Model 3: Founder replaced with cadence-matched executive. Capella Space replaced its founder CEO in October 2023 with a defense-tech executive whose procurement-cadence operating experience matched the company’s actual customer base. ITM Power replaced its CEO in December 2022, followed by a strategic reset that cut 25% of staff and rationalised the product line. This model works when the founder’s technical depth can be retained through advisory or board roles without being in the daily decision graph.
The model that doesn’t work: hiring a “professional CEO” from SaaS. A SaaS-background CEO running a climate hardware company is a cadence mismatch in the opposite direction. The replacement runs on the software cadence. The company runs on the hardware cadence. Within twelve months, the same friction — just from the other side.
The diagnostic question for investors
The generic version — “can this founder scale?” — is the wrong question. The climate-native version is structural: does the company need the founder’s technical depth in the daily decision flow, or can it be retained from an advisory position?

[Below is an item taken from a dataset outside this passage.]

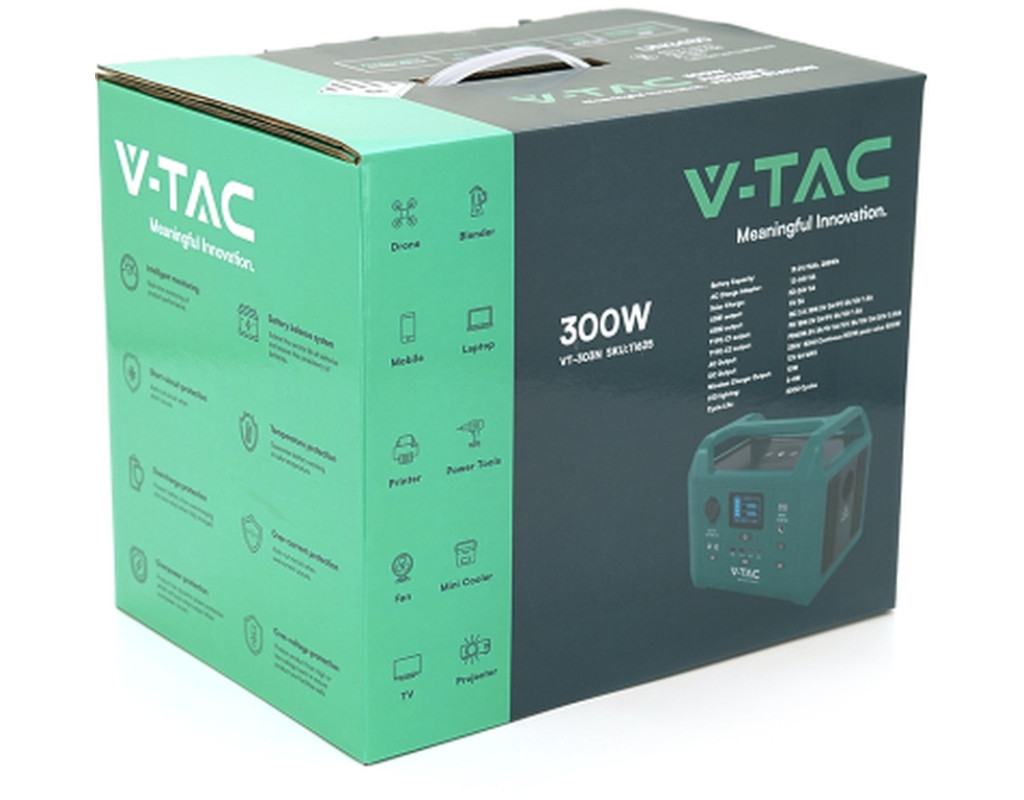 Зарядна станція V-TAC 300W 288Wh (VT-303N) являє собою сучасний, надійний і багатофункціональний пристрій, призначений для забезпечення енергетичного резерву в різноманітних умовах. Цей потужний гаджет стане ідеальним рішенням для тих, хто потребує портативного джерела енергії під час подорожей, на дачі чи навіть у повсякденному житті. Оснащена високоякісними LiFePo4 акумуляторами, зарядна станція гарантує тривалий період експлуатації — до 2000 циклів зарядки, зберігаючи 80% своєї початкової ємності. Завдяки ємності у 288 Вт*год, вона ідеально підходить для зарядки смартфонів та живлення котлів, що робить її універсальною у використанні. Час зарядки: Від мережі (AC 220в): ~3 години. Від сонячної панелі: ~1.8–10 годин (залежно від джерела) Зарядна станція V-TAC відзначається вихідною потужністю в 300 Вт і підтримує одночасну зарядку до чотирьох пристроїв. Вона оснащена багатьма вихідними інтерфейсами, серед яких: 2 x DC-роз'єм, 2 x USB Type A, 1 x USB Type C, прикурювач і розетка на 220 В. Завдяки такій різноманітності інтерфейсів, ви зможете з легкістю підключити будь-які сучасні девайси. Унікальна перевага цього пристрою — можливість заряджання від електромережі або сонячної панелі, що дозволяє залишатися енергонезалежним навіть в умовах відсутності побутової електрики. Також станція обладнана вбудованим ліхтариком, що корисно для екстремальних ситуацій, та дисплеєм, який надає інформацію про рівень заряду та робочий стан. Зручна ручка дозволяє легко переносити пристрій, що додає комфорту у використанні. Система захисту V-TAC 300W 288Wh (VT-303N) відповідає найвищим стандартам безпеки. Пристрій захищений від перевантажень, короткого замикання, надлишкової та зниженої напруги на вході/виході, перегрівання, перезаряджання, зворотного струму, що забезпечує безпечну роботу навіть у найекстремальніших умовах. Цей продукт розрахований на роботу в широкому температурному діапазоні від -10°C до +45°C, що свідчить про його надійність і готовність до будь-яких екстремальних умов. Зарядна станція V-TAC 300W 288Wh (VT-303N) — це вибір, що гарантує якість, безпеку та надійність. Вона стане незамінним помічником як на активному відпочинку, так і в щоденних потребах, забезпечуючи вас необхідною енергією в будь-якій ситуації. |

If the depth must stay in the decision flow: Model 2 (build around the founder) or Model 1 (founder to chairman with deep advisory involvement). If the depth can be retained from outside the daily graph: Model 3 (cadence-matched replacement) or Model 1 (clean separation).
The answer depends on the product. An earth observation company whose product is the founder’s interpretation of SAR data has a different structural constraint than an electrolyser manufacturer whose product is a manufacturing process the founder designed but that can now run without daily founder input. The founder-CEO assessment is the diagnostic tool that identifies which model fits. The scaling breakpoints analysis tells you when the transition needs to happen. The structural due diligence evaluates whether the system has been redesigned for the transition or whether the founder is still the operating system.
The standard advice — “founders should learn to let go” — is a character prescription for a structural problem. The climate-native advice is different: identify what’s irreplaceable, design the system to keep it, and build everything else to run without it.
HBR wrote the generic founder transition. The climate-native version — where the founder’s depth is the product and four operating cadences need reconciliation — is a different structural problem. Assess which transition model fits before the board conversation.